The over-glamorization of theory research

Note: In this post, I implicitly make a distinction between applied research and theory research. My point-of-view is most relevant for the fields of statistics and machine learning. When I say applied research, I’m referring to work that is most concerned with the empirical behavior of statistical models and algorithms when applied to data. When I say theory research, I’m referring to research aimed at mathematically proving certain properties of statistical objects (e.g., convergence rates, upper or lower bounds on quantities, asymptotic limits, etc.). Of course, there is no sharp dichotomy between applied and theory research, and in reality it is much more fluid, but I leverage this (false) dichotomy for clarity here.

There is a tendency for academics to view theory research as more prestigious, pure, and glamorous than applied research. This is perhaps because theory research is the most academic, ivory-tower type of research. All that is needed is a pencil and paper. Granted, there is something beautiful about creating profound ideas from so few resources.

Even in pop culture, there are separate tropes for the “effortless, theory-minded genius” on one hand, and the “hacky, scatterbrained applied engineer” on the other. For the theory genius trope, think of the portrayal of John Nash in A Beautiful Mind, Stephen Hawking in The Theory of Everything, or Will Hunting in Good Will Hunting. For the hacky engineer trope, think of Doc in Back to the Future, Mark Zuckerberg in The Social Network, or Steve Wozniak in Jobs.

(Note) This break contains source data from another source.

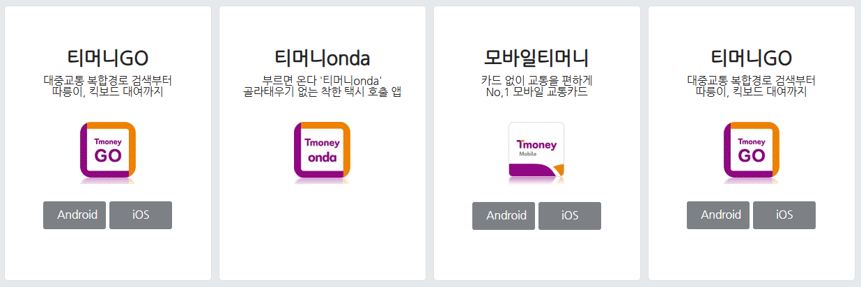 가장 편리하고 손쉬운 방법은 티머니 전용 앱을 이용하는 것입니다. 스마트폰의 구글 플레이스토어나 애플 앱스토어에서 '티머니' 앱을 무료로 다운로드할 수 있습니다.
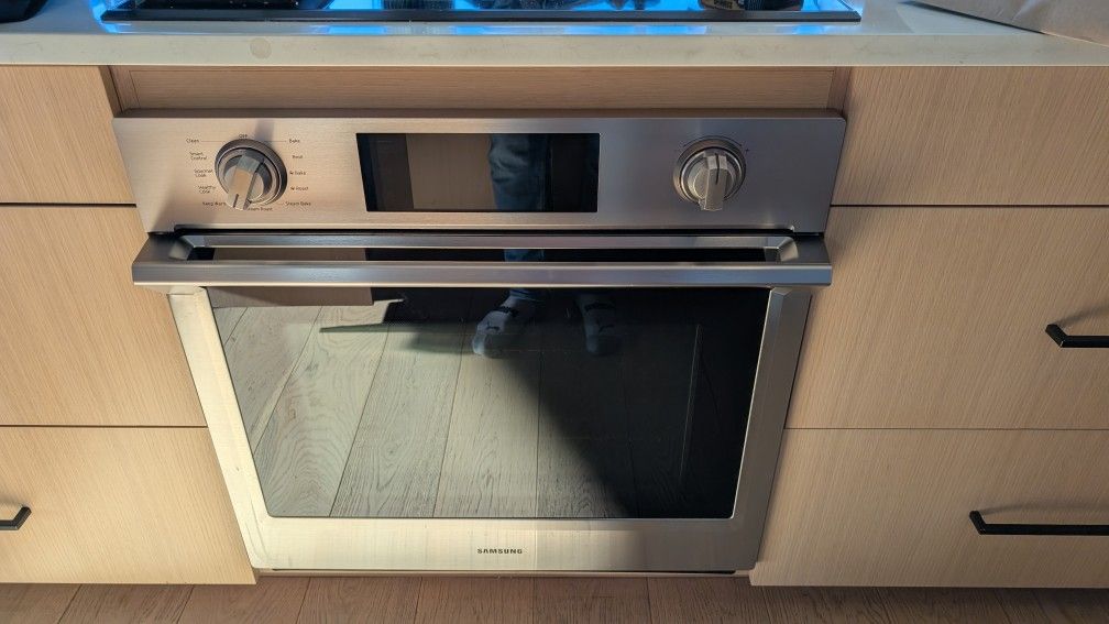 Selling our Samsung 30-inch Flex Duo wall oven—the model NV51K7770SS with the blue-lit knobs, steam cooking functions, and smart touchscreen controls. About 3 years old, works perfectly. We’re remodeling the kitchen and replacing all appliances, so it’s coming out of regular family use. ⭐ Key Features Flex Duo split-oven capability (cook two dishes at different temps) Steam Bake + Steam Roast modes SmartThings app connectivity Digital touchscreen with clock, timer, and cooking modes Glide rack + standard racks Convection baking Self-cleaning cycle Sleek stainless steel finish 👍 Condition Fully functional Very clean interior Normal light cosmetic wear on exterior handle/trim Touchscreen and dials work perfectly No issues, no repairs needed 📦 Why selling? Doing a full kitchen remodel and switching appliance brands. 📍 Pickup Info Easy ground-floor pickup, no stairs. I can help load it into your vehicle.
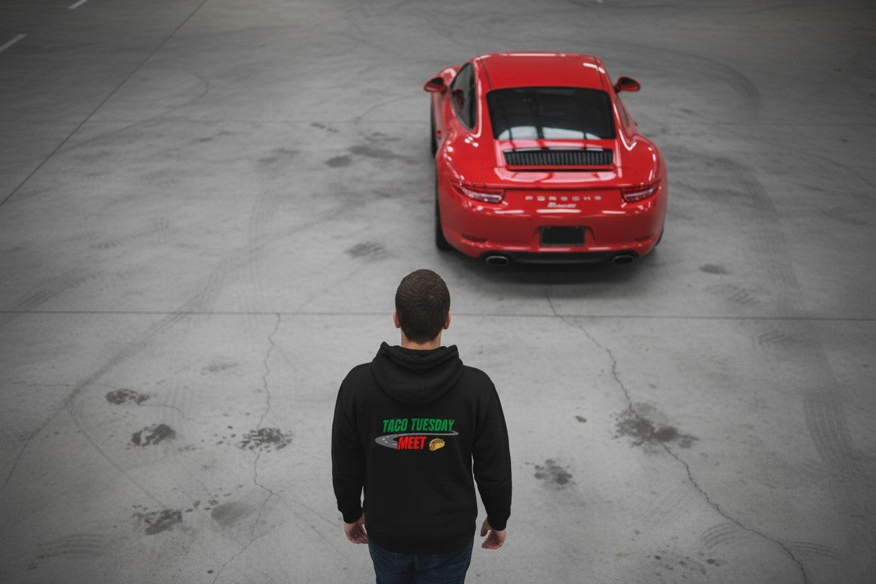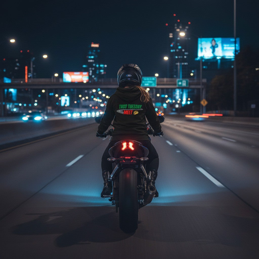 Channel your inner night-owl. This black hoodie is the perfect fit for a late-night cruise or a post-taco chill session. The vibes are immaculate, the tacos are legit, and you're officially part of the meet. This ain't just a hoodie; it's a mood.
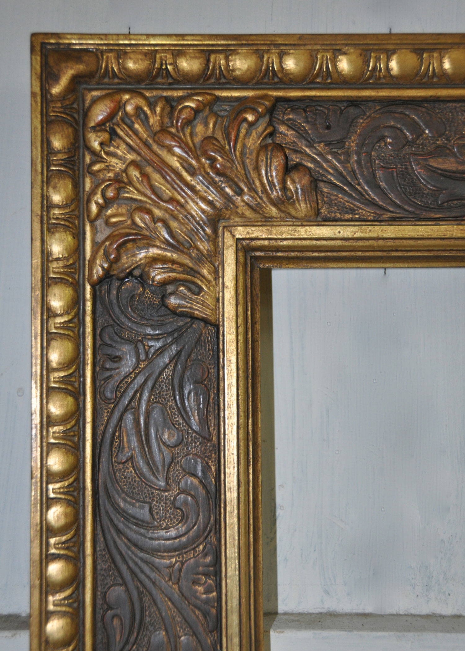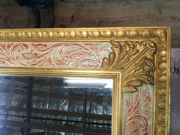 A surround of delicate low relief acanthus leaves is reminiscent of an embossed tapestry in this refined piece. An egg and dart repeat adorns the outer edge. The antique gold leaf finish is further embellished by a beveled mirror. The alternate picture is this frame done with the panel in our Ancient Oriental finish.

Theory researchers find comfort and beauty in framing ideas in the most general terms possible. A more abstract theory that generalizes several special cases is seen as unequivocally superior to a careful study of each of the special cases in isolation. There is a belief that all other applied research is simply a special case or a consequence of theoretical findings. However, even if this is true, the jump from theory to practice is extremely nontrivial in most cases and the special cases warrant close study of their own.

Meanwhile, research on applying statistics and machine learning to data is often seen as messier and more unreliable. Sure, this algorithm performed well on this one dataset, the thinking goes, but how does that tell us anything more general? Empirical findings are often treated with a level of skepticism and uncertainty about how sensitive the results are to the particular experiment (some amount of which is healthy, to be sure).

The theory-forward approach to statistics and machine learning first explores the theoretical properties of an algorithm, and then develops a practical implementation demonstrating the theory. However, an empiricism-forward approach can also be fruitful; that is, first observing the empirical success of a bespoke algorithm and then studying its theoretical properties. There are plenty of real-world examples of the empiricism-forward approach. The most salient one currently is seen in the field of deep learning, where deep neural networks have shown widespread utility in practice, and the theory is racing to catch up and explain this success.

To be clear, I’m not arguing that either applied or theory research is superior to the other. Both avenues of research are essential, and in most cases they’re complementary to one another. Moreover, as mentioned in the preamble, there are many blends between the two types that are fruitful.

Rather, my argument here is there is a current tendency in the community to over-glamorize the purity of theory research, while underplaying the contributions of applied research.